-- EXERCISE DETAILS --
Transcribe the lines below exactly. No image belongs in the transcription.

(DATA)

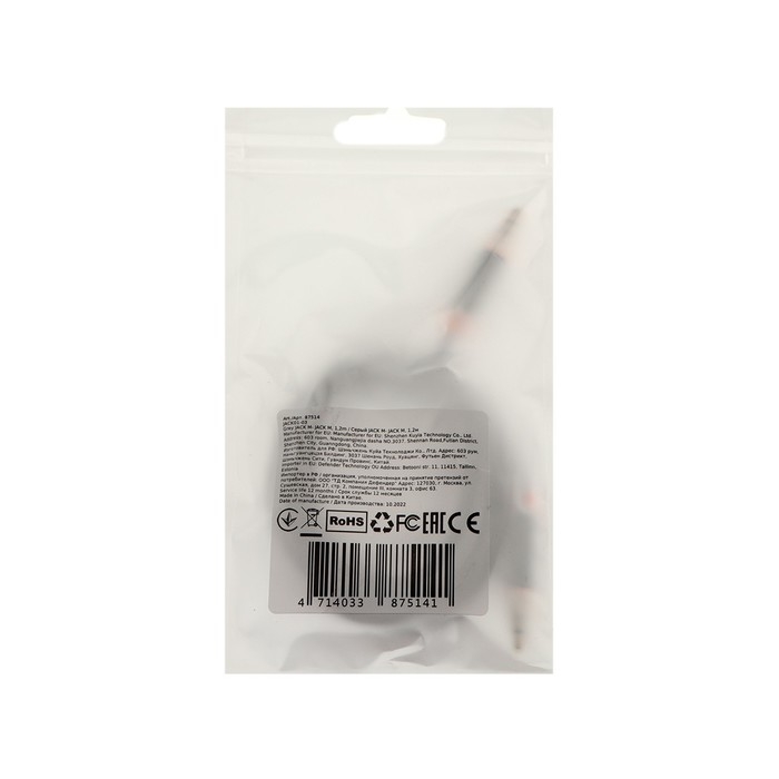 Кабель аудио AUX Defender JACK01-03, Jack 3.5 мм(m)-Jack 3.5 мм(m), 1.2 м, серый
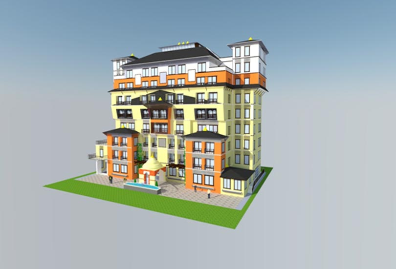 निर्माणधीन होटलहोटल साढे ६ रोपनी जमिनमा फैलिएको भएपनि भवन भने एउटा मात्रै छ । साढे ४ रोपनी आफ्नै र २ रोपनी जमिन भाडामा लिइएको हो ।
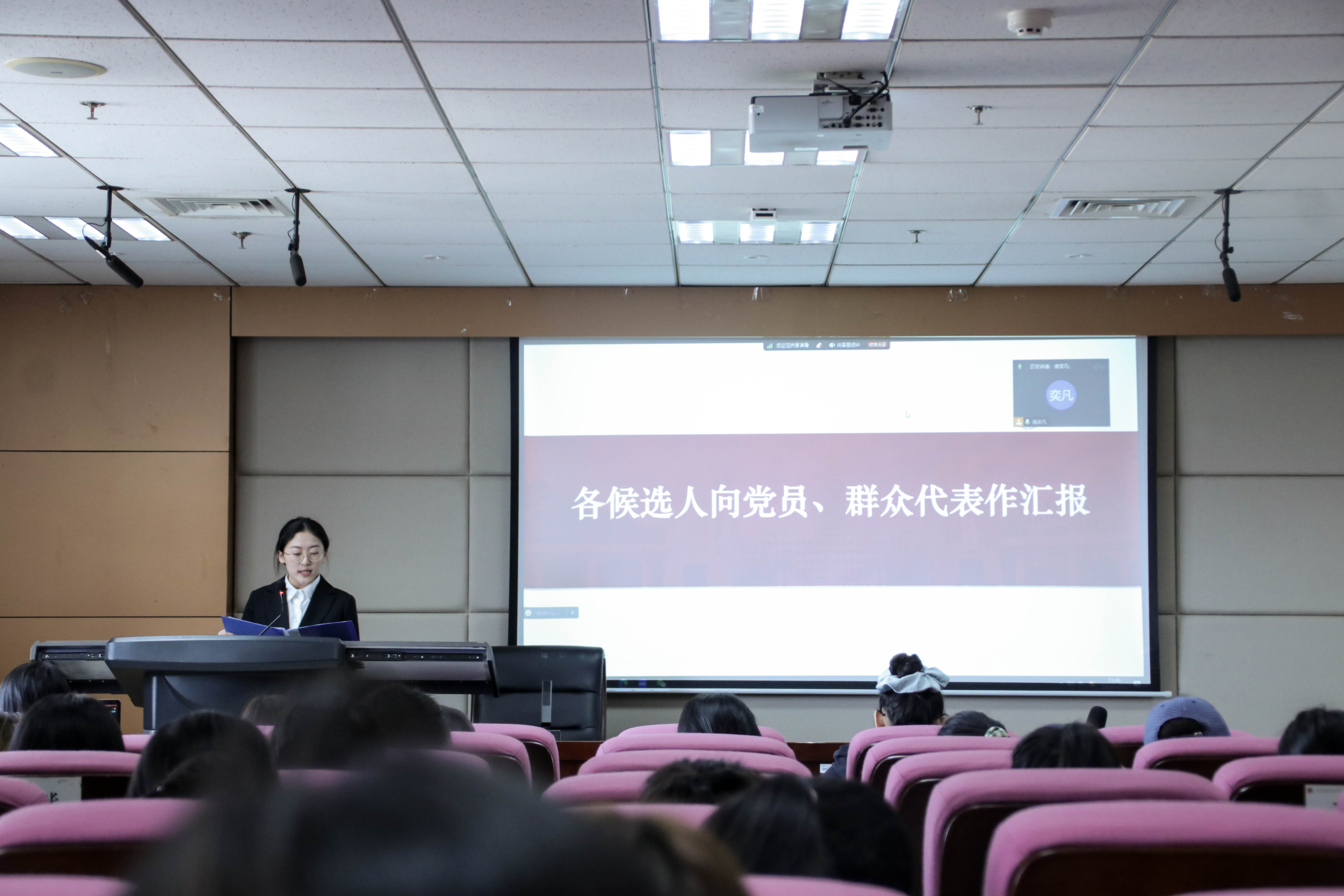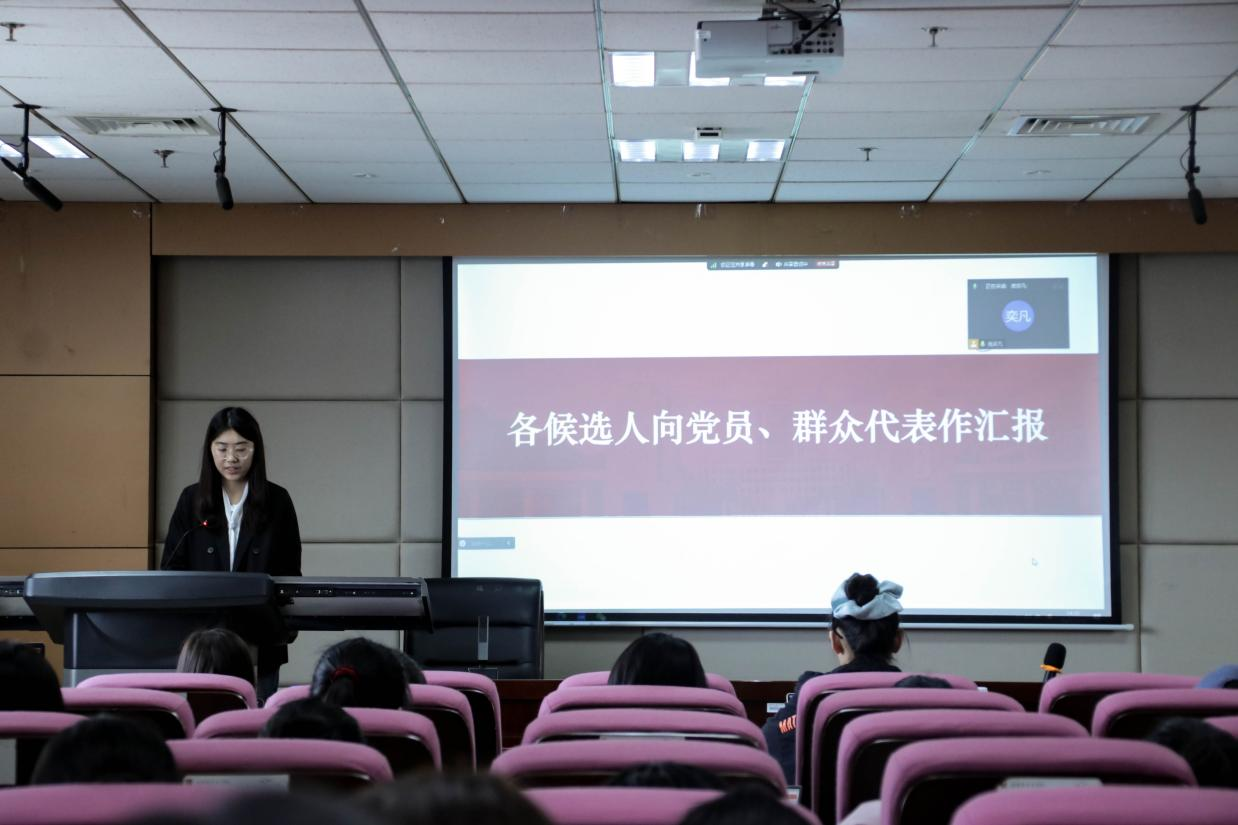 就选拔程序与选拔要求两方面,庞奕凡通过“公平公正”与“思想引领”两大关键词说明了本次双评会的注意事项。她强调,本次选拔关乎未来本科生党支部的前进方向与精神风范,必须遵循公平公正的原则;候选人应将答辩重点放在党性修养与思想品德方面,在思想上发挥先锋模范作用。
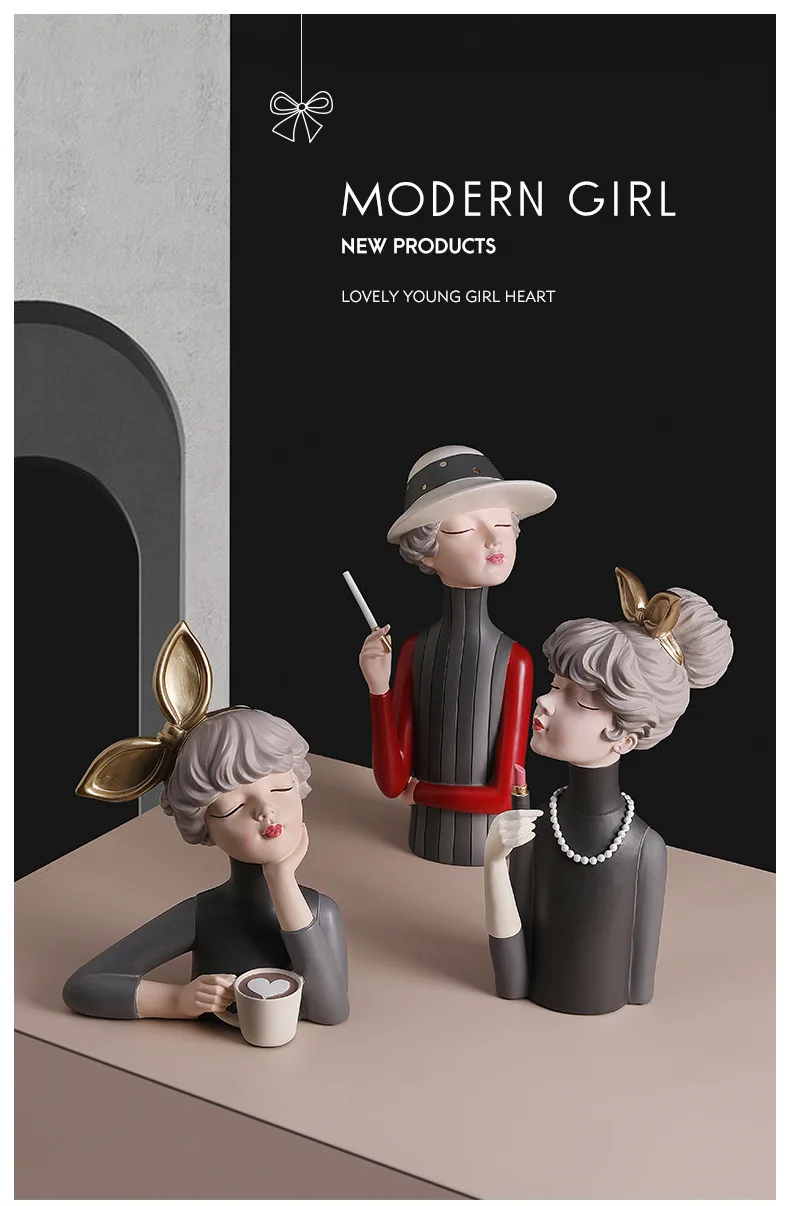 Современная роскошная Статуэтка из смолы с бантом для девочек, украшение для дома, статуэтка для хранения бюста, статуя для украшения комнаты, свадебные подарки

(End DATA)

-- TASK RESPONSE --
 Кабель аудио AUX Defender JACK01-03, Jack 3.5 мм(m)-Jack 3.5 мм(m), 1.2 м, серый
 निर्माणधीन होटलहोटल साढे ६ रोपनी जमिनमा फैलिएको भएपनि भवन भने एउटा मात्रै छ । साढे ४ रोपनी आफ्नै र २ रोपनी जमिन भाडामा लिइएको हो ।
 就选拔程序与选拔要求两方面,庞奕凡通过“公平公正”与“思想引领”两大关键词说明了本次双评会的注意事项。她强调,本次选拔关乎未来本科生党支部的前进方向与精神风范,必须遵循公平公正的原则;候选人应将答辩重点放在党性修养与思想品德方面,在思想上发挥先锋模范作用。
 Современная роскошная Статуэтка из смолы с бантом для девочек, украшение для дома, статуэтка для хранения бюста, статуя для украшения комнаты, свадебные подарки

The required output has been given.